- [ABOUT THIS EXERCISE] Every record below should be repeated exactly, with the pictures left out.
----- DATA EXTRACT
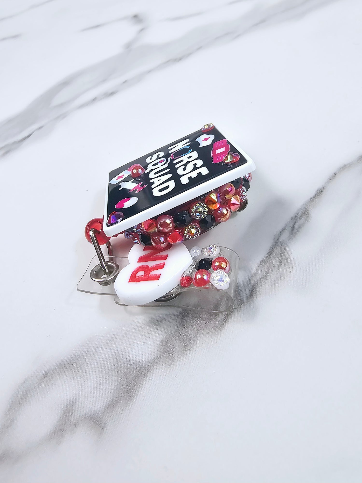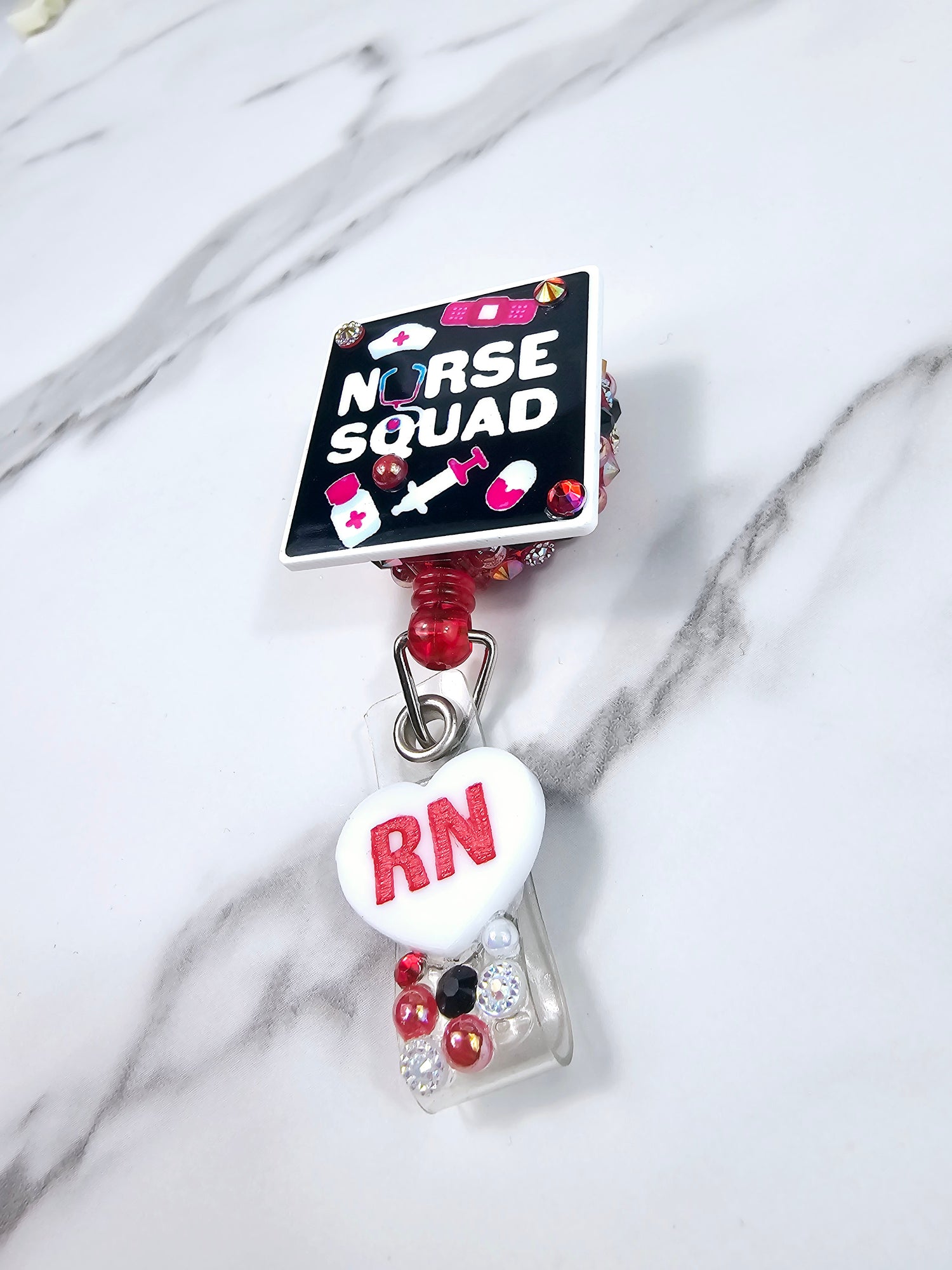 "Nurse Squad" healthcare background with white heart engraved with red RN on the tail.
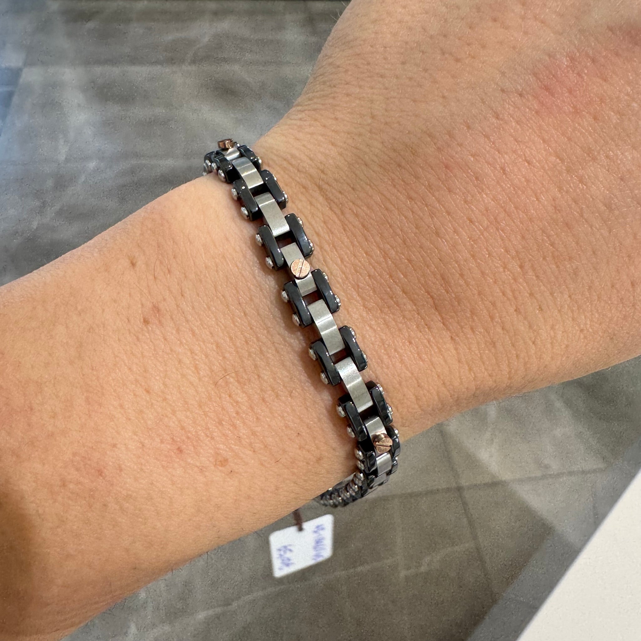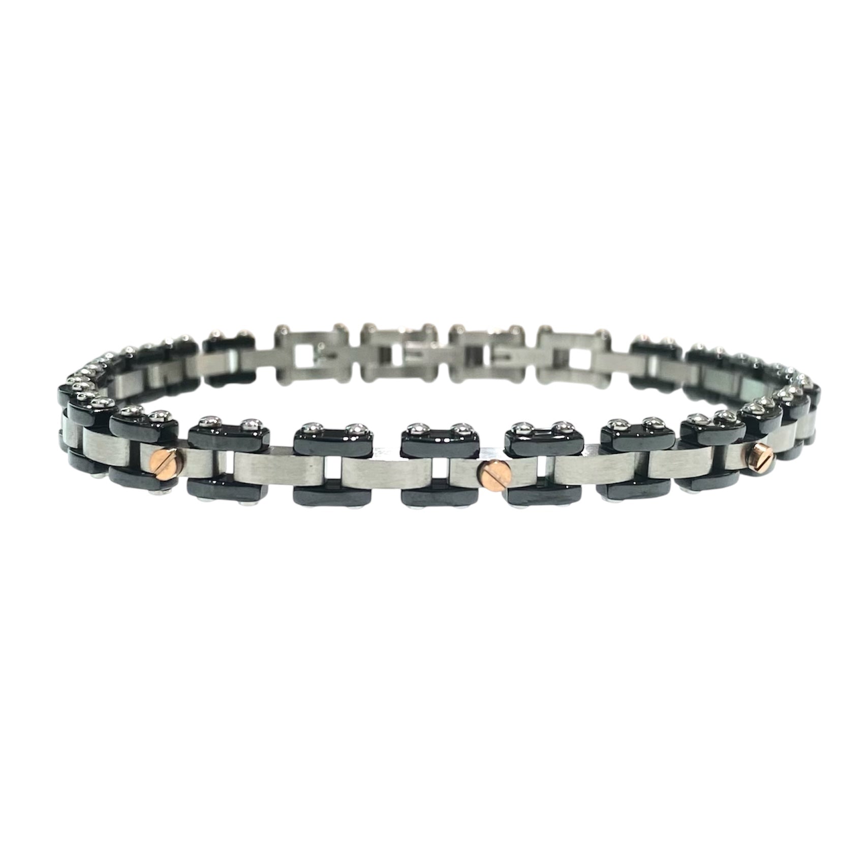 Bracciale da uomo in acciaio 316 L e ceramica nero con 3 chiodini placcati oro rosa su 3 placchette.
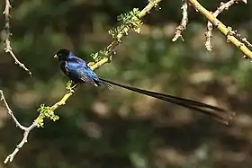 Дрібний птах, завдовжки 10–11 см, вагою 11-13 г. Це стрункий на вигляд птах, із закругленою головою, міцним і конічним дзьобом, загостреними крилами та хвостом з квадратним закінченням. Самці чорні з синюватим металевим відблиском на потилиці, спині, грудях і стегнах, лише махові пера та кінчик хвоста коричневі. Чотири центральних пера хвоста у шлюбний період виростають до 30-32 см завдовжки і теж стають коричневого кольору. На боках тіла є біла пляма, яку видно лише під час розмахування крилами. У самиць верхня частина тіла світло-коричнева, горло та груди сірі. Над очима є світло-сірі брови. В обох статей очі коричневого кольору, а ноги світло-чорнуватого кольору, а дзьоб темно-сірого кольору.
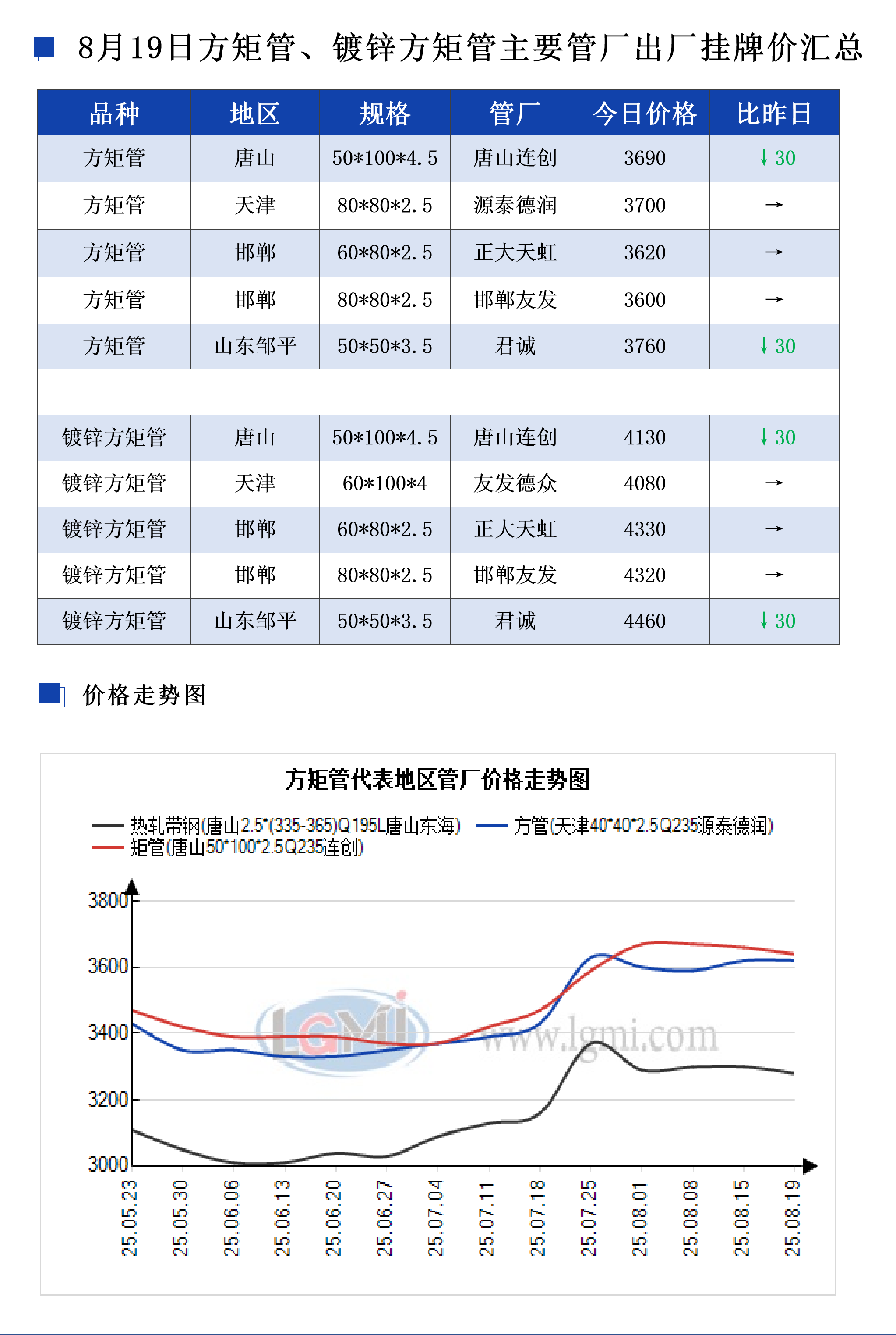 • 8月19日方矩管、镀锌方矩管主要管厂出厂挂牌价汇总
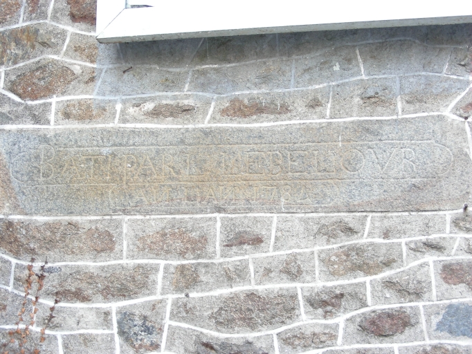 Maison construite en moellon de granite avec encadrements des ouvertures et chaînage des angles en pierre de taille de granite. Inscription sur une pierre du pignon : Bâti par L LEBELOUR AN L'AN 1784. Cellier en appentis postérieur.
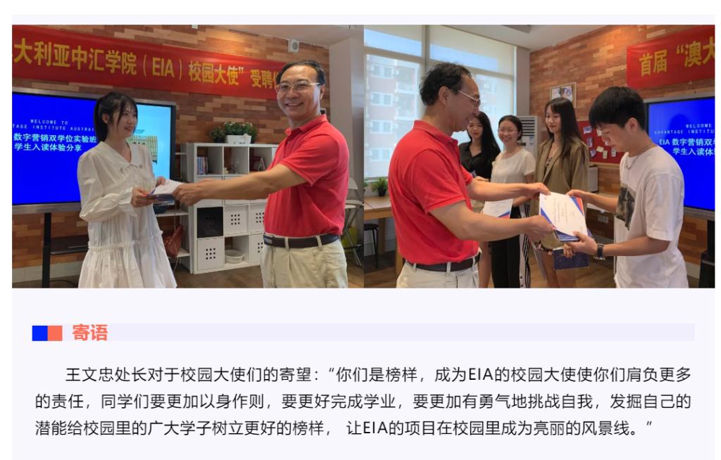 澳大利亚中汇学院(EIA)市场营销双学位项目学生分享会
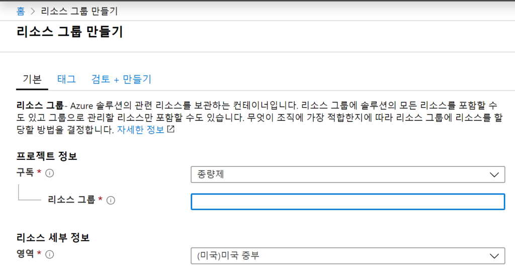 한국리전은 중부와 남부로 나뉘는데 중부를 azure 에선 중부를 주로 추천하는데 나는 중부말고 남부를 선택했다.
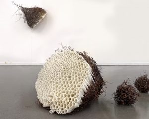 Die zahlreichen kleinen Porzellan-Klanghörner reagieren auf Schwingung, Bewegung und Berührung des Taumelkrauts und erzeugen dadurch unregelmäßiges Rauschen und Dröhnen. Klänge wie fragmentarische Erinnerungen oder flüchtige Gedanken.
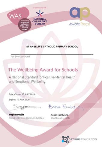 We are delighted to share that St. Anselm’s Catholic Primary School has successfully achieved reaccreditation for the Wellbeing Award for Schools in July 2025.
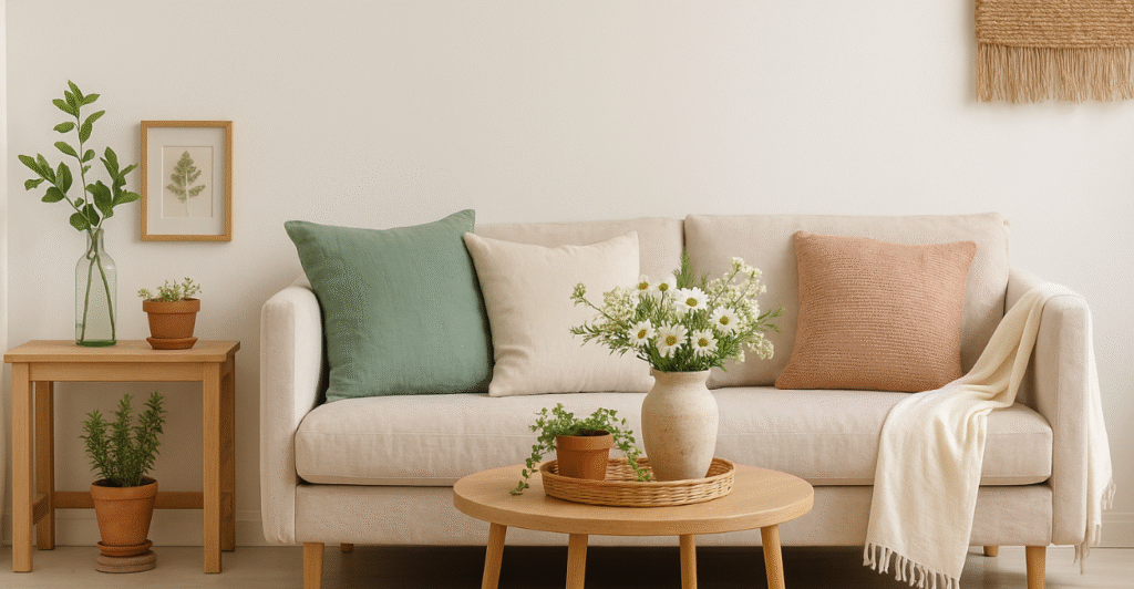 Primavera combina com flores – isso é fato. Mas no estilo de decoração consciente para a primavera, a ideia não é encher a casa de arranjos comprados, e sim trazer o verde de forma mais integrada e respeitosa.
----------
- [YOUR RESPONSE]
 "Nurse Squad" healthcare background with white heart engraved with red RN on the tail.
 Bracciale da uomo in acciaio 316 L e ceramica nero con 3 chiodini placcati oro rosa su 3 placchette.
 Дрібний птах, завдовжки 10–11 см, вагою 11-13 г. Це стрункий на вигляд птах, із закругленою головою, міцним і конічним дзьобом, загостреними крилами та хвостом з квадратним закінченням. Самці чорні з синюватим металевим відблиском на потилиці, спині, грудях і стегнах, лише махові пера та кінчик хвоста коричневі. Чотири центральних пера хвоста у шлюбний період виростають до 30-32 см завдовжки і теж стають коричневого кольору. На боках тіла є біла пляма, яку видно лише під час розмахування крилами. У самиць верхня частина тіла світло-коричнева, горло та груди сірі. Над очима є світло-сірі брови. В обох статей очі коричневого кольору, а ноги світло-чорнуватого кольору, а дзьоб темно-сірого кольору.
 • 8月19日方矩管、镀锌方矩管主要管厂出厂挂牌价汇总
 Maison construite en moellon de granite avec encadrements des ouvertures et chaînage des angles en pierre de taille de granite. Inscription sur une pierre du pignon : Bâti par L LEBELOUR AN L'AN 1784. Cellier en appentis postérieur.
 澳大利亚中汇学院(EIA)市场营销双学位项目学生分享会
 한국리전은 중부와 남부로 나뉘는데 중부를 azure 에선 중부를 주로 추천하는데 나는 중부말고 남부를 선택했다.
 Die zahlreichen kleinen Porzellan-Klanghörner reagieren auf Schwingung, Bewegung und Berührung des Taumelkrauts und erzeugen dadurch unregelmäßiges Rauschen und Dröhnen. Klänge wie fragmentarische Erinnerungen oder flüchtige Gedanken.
 We are delighted to share that St. Anselm’s Catholic Primary School has successfully achieved reaccreditation for the Wellbeing Award for Schools in July 2025.
 Primavera combina com flores – isso é fato. Mas no estilo de decoração consciente para a primavera, a ideia não é encher a casa de arranjos comprados, e sim trazer o verde de forma mais integrada e respeitosa.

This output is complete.